Saudi Arabia declared an oil price war on Russia, which has caused oil prices to significantly drop.
Texas is one of the nation's highest oil-producing states and its economy and budget is often affected by oil prices. According to the Fort Worth Business Press, economic and energy experts and officials in Texas said it is too early to say what the impact will be on the Texas economy. The impact will depend on how long the deadlock between Saudi Arabia and Russia lasts and if the novel coronavirus (COVID-19) outbreak persists.
Officials said that if either remains a crisis, the impact on Texas could be terrible.
“The consequences for Texas of the drop in prices over the weekend will depend on two questions: how low, and how long,” President of the Texas Taxpayers and Research Association Dale Craymer told the Business Press. “Of course, we can’t look at the impact of a drop in oil prices on Texas in a vacuum. Behind all this is the economic impact of the coronavirus, which is still uncertain.”
Texas has an oversupply of oil, which could worsen Saudi Arabia's oil prices and oil increase. In the second half of 2019, there was a decrease in active oil rigs in Texas, which caused thousands of jobs to be lost.
Employment and tax revenues decline when oil production slows down. Budget cuts at local and state levels often come with slow oil production as well.
Glenn Hegar, Texas comptroller, said he predicted last year's oil prices to be approximately $50 per barrel.

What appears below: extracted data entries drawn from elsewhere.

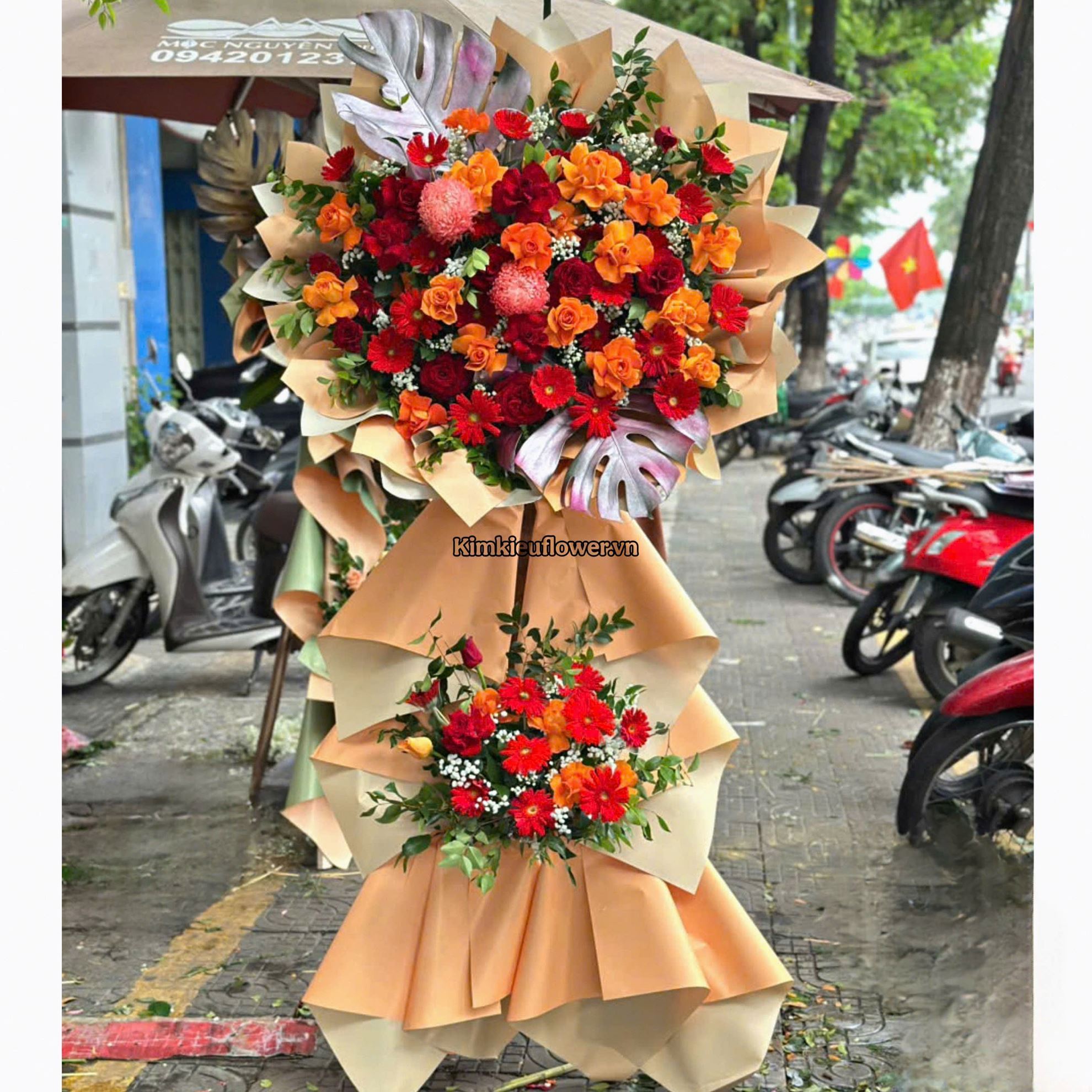 Kệ chúc mừng tone đỏ cam, cúc mẫu đơn - KH432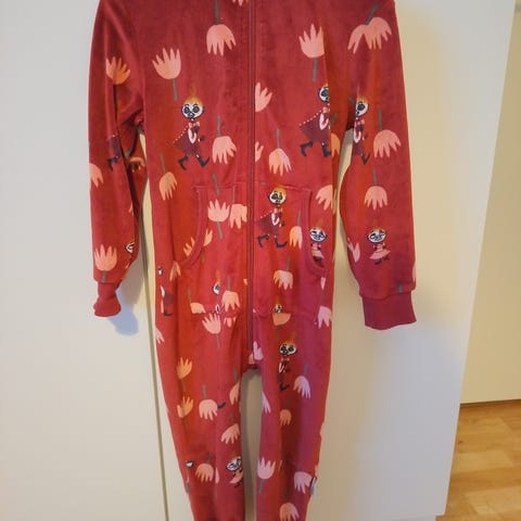 Moitteeton vaaleanpunainen Moomin haalari koossa 98. Haalarissa on kirsikka-aiheinen kuosi.
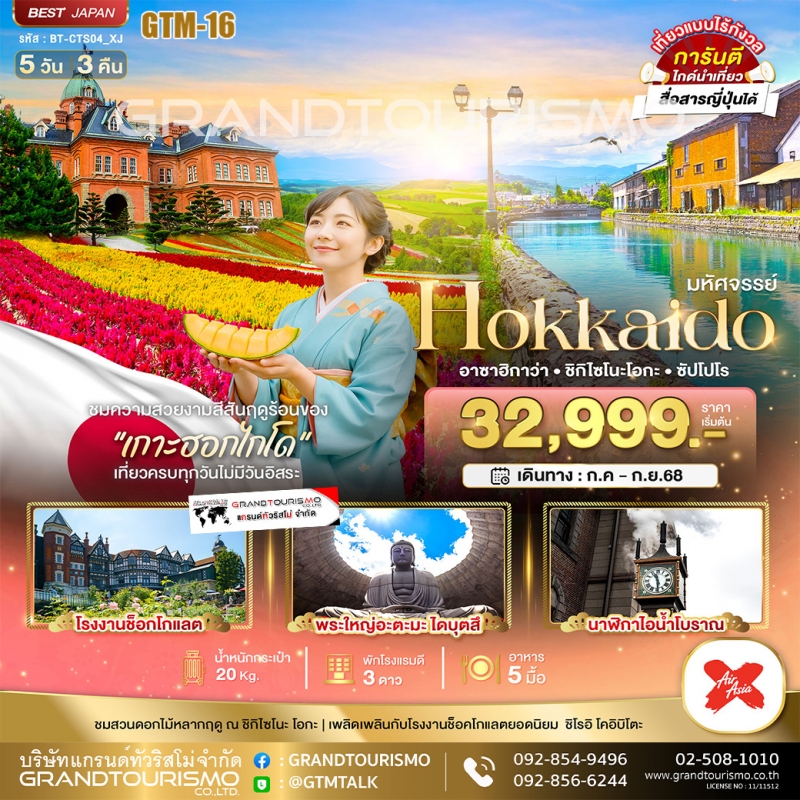 ทัวร์ญี่ปุ่น ฮอกไกโด อาซาฮิกาว่า ชิกิไซโนะ โอกะ ซัปโปโร 5วัน3คืน ก.ค.-ก.ย.68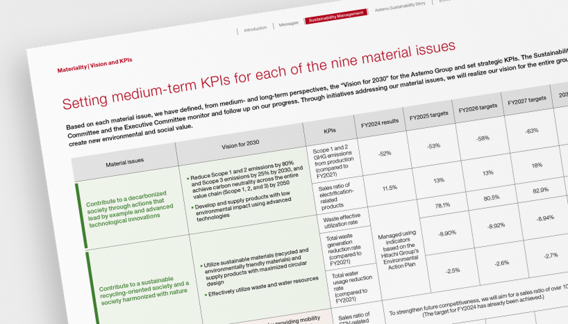 For each of the nine material issues (=materiality), issues, we have defined, from medium- and long-term perspectives, a Vision for 2030 for the Astemo Group and set strategic KPIs.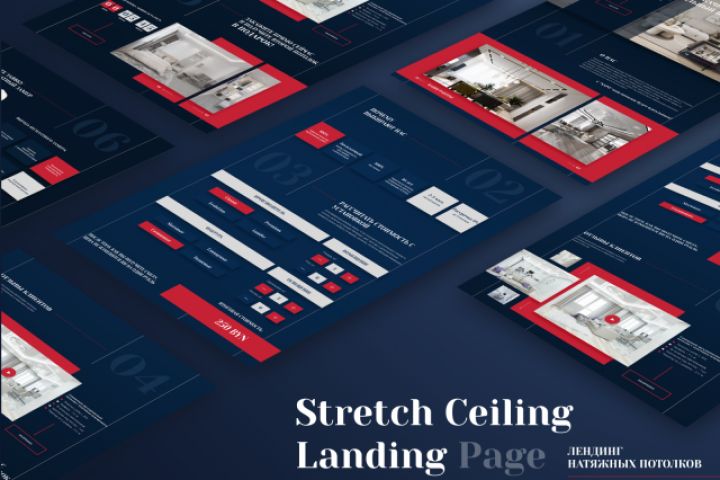 Дизайн одностраничного сайта(лендинга) для компании, занимающаяся установкой натяжных потолков европейского, азиатского и отечественного производства. Инструменты: - Figma; - Photoshop.

Hegar also said Texas' economy remains strong, but will be monitored.
“Certainly Texas has exposure if oil prices remain depressed for a sustained period of time, and slowdowns in economic activity related to the COVID-19 outbreak could also be a headwind,” Hegar said. “We are still only six months into the current budget cycle, however, and it is too early to tell with certainty how current fluctuations will impact long term economic performance and state revenues.”
Craymer said that Texas does have some cushion in the budget too. The budget has $2.9 billion to spare in addition to an $8 billion rainy day fund.
Eva De Luna Castro of the Center for Public Policy Priorities said it is too early to tell how Texas will deal with the situation.
“If things don’t rapidly improve, the agencies may be told to start cutting in their current budgets just to make room,” she told the Business Press.
De Luna Castro said lawmakers are more restricted after giving public schools more funding last year, which would make it so the government doesn't have to increase taxes.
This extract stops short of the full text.